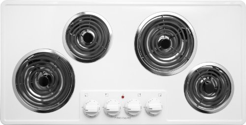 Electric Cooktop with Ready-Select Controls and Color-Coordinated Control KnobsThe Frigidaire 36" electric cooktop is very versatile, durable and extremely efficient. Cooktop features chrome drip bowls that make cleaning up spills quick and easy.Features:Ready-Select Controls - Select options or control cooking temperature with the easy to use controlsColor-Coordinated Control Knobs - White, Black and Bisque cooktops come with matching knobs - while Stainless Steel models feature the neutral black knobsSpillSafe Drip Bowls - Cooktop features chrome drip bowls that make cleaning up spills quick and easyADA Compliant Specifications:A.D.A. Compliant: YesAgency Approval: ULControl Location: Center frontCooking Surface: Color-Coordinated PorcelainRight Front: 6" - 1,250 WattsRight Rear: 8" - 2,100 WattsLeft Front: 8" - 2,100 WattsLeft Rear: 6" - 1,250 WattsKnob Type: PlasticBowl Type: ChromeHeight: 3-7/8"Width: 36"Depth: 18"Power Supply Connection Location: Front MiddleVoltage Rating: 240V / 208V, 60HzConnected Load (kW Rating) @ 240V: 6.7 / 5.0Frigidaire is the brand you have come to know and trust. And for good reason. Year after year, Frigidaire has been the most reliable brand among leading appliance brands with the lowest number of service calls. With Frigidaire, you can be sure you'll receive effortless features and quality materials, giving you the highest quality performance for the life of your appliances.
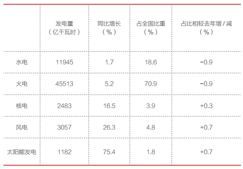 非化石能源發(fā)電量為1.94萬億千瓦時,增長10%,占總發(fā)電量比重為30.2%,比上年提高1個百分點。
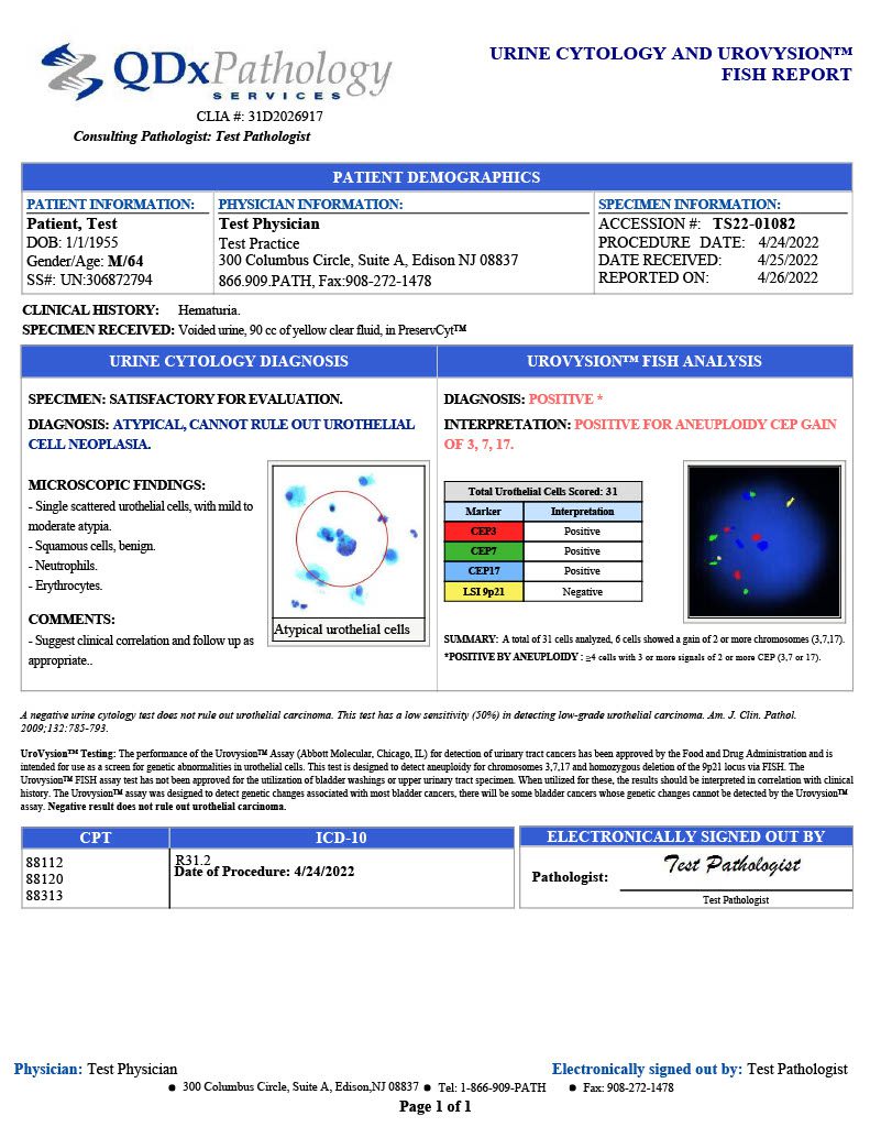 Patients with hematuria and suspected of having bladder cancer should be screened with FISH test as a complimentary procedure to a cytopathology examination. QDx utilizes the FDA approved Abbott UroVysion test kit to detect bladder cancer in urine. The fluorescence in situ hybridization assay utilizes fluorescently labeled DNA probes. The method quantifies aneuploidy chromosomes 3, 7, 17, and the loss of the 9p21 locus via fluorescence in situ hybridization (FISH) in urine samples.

════════════════════

(Assignment):
Give the data above again in full and unchanged, skipping the pictures.

(Answer to the problem):
 Electric Cooktop with Ready-Select Controls and Color-Coordinated Control KnobsThe Frigidaire 36" electric cooktop is very versatile, durable and extremely efficient. Cooktop features chrome drip bowls that make cleaning up spills quick and easy.Features:Ready-Select Controls - Select options or control cooking temperature with the easy to use controlsColor-Coordinated Control Knobs - White, Black and Bisque cooktops come with matching knobs - while Stainless Steel models feature the neutral black knobsSpillSafe Drip Bowls - Cooktop features chrome drip bowls that make cleaning up spills quick and easyADA Compliant Specifications:A.D.A. Compliant: YesAgency Approval: ULControl Location: Center frontCooking Surface: Color-Coordinated PorcelainRight Front: 6" - 1,250 WattsRight Rear: 8" - 2,100 WattsLeft Front: 8" - 2,100 WattsLeft Rear: 6" - 1,250 WattsKnob Type: PlasticBowl Type: ChromeHeight: 3-7/8"Width: 36"Depth: 18"Power Supply Connection Location: Front MiddleVoltage Rating: 240V / 208V, 60HzConnected Load (kW Rating) @ 240V: 6.7 / 5.0Frigidaire is the brand you have come to know and trust. And for good reason. Year after year, Frigidaire has been the most reliable brand among leading appliance brands with the lowest number of service calls. With Frigidaire, you can be sure you'll receive effortless features and quality materials, giving you the highest quality performance for the life of your appliances.
 非化石能源發(fā)電量為1.94萬億千瓦時,增長10%,占總發(fā)電量比重為30.2%,比上年提高1個百分點。
 Patients with hematuria and suspected of having bladder cancer should be screened with FISH test as a complimentary procedure to a cytopathology examination. QDx utilizes the FDA approved Abbott UroVysion test kit to detect bladder cancer in urine. The fluorescence in situ hybridization assay utilizes fluorescently labeled DNA probes. The method quantifies aneuploidy chromosomes 3, 7, 17, and the loss of the 9p21 locus via fluorescence in situ hybridization (FISH) in urine samples.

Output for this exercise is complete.